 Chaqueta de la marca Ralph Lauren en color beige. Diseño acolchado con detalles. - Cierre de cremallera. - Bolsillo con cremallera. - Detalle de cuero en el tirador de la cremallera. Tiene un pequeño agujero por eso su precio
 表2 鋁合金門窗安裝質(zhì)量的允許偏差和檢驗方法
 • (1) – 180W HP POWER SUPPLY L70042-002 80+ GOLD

--

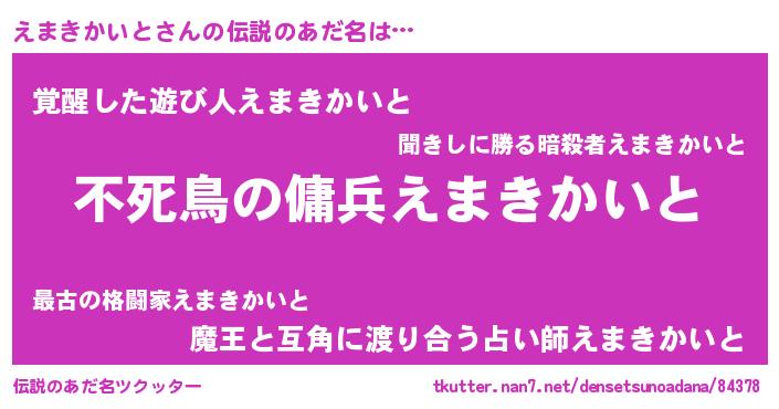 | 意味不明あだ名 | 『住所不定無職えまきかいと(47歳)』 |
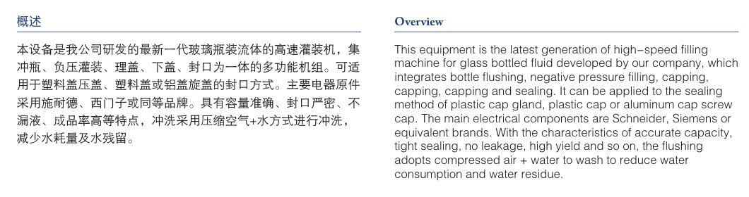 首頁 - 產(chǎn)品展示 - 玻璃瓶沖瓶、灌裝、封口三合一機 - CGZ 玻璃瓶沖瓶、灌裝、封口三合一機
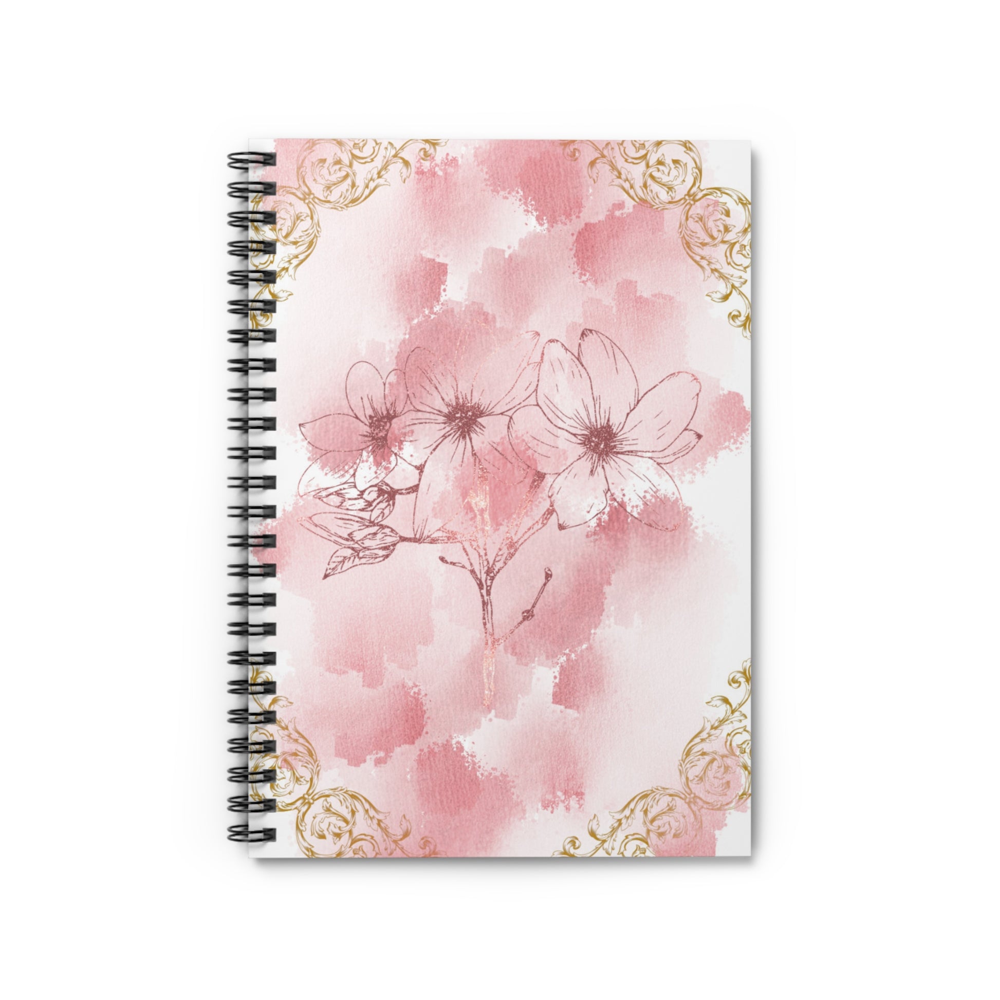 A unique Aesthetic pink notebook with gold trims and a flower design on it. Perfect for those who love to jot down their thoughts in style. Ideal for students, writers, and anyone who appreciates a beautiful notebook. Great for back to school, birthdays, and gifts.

## TASK TO CARRY OUT:
Please reproduce exactly the lines in the listing above from the one containing "表2 鋁合金門窗安裝質(zhì)量的允許偏差和檢驗方法" through the one containing "L70042-002 80+ GOLD", both included, and nothing more.

## RESULT OF THE TASK:
 表2 鋁合金門窗安裝質(zhì)量的允許偏差和檢驗方法
 • (1) – 180W HP POWER SUPPLY L70042-002 80+ GOLD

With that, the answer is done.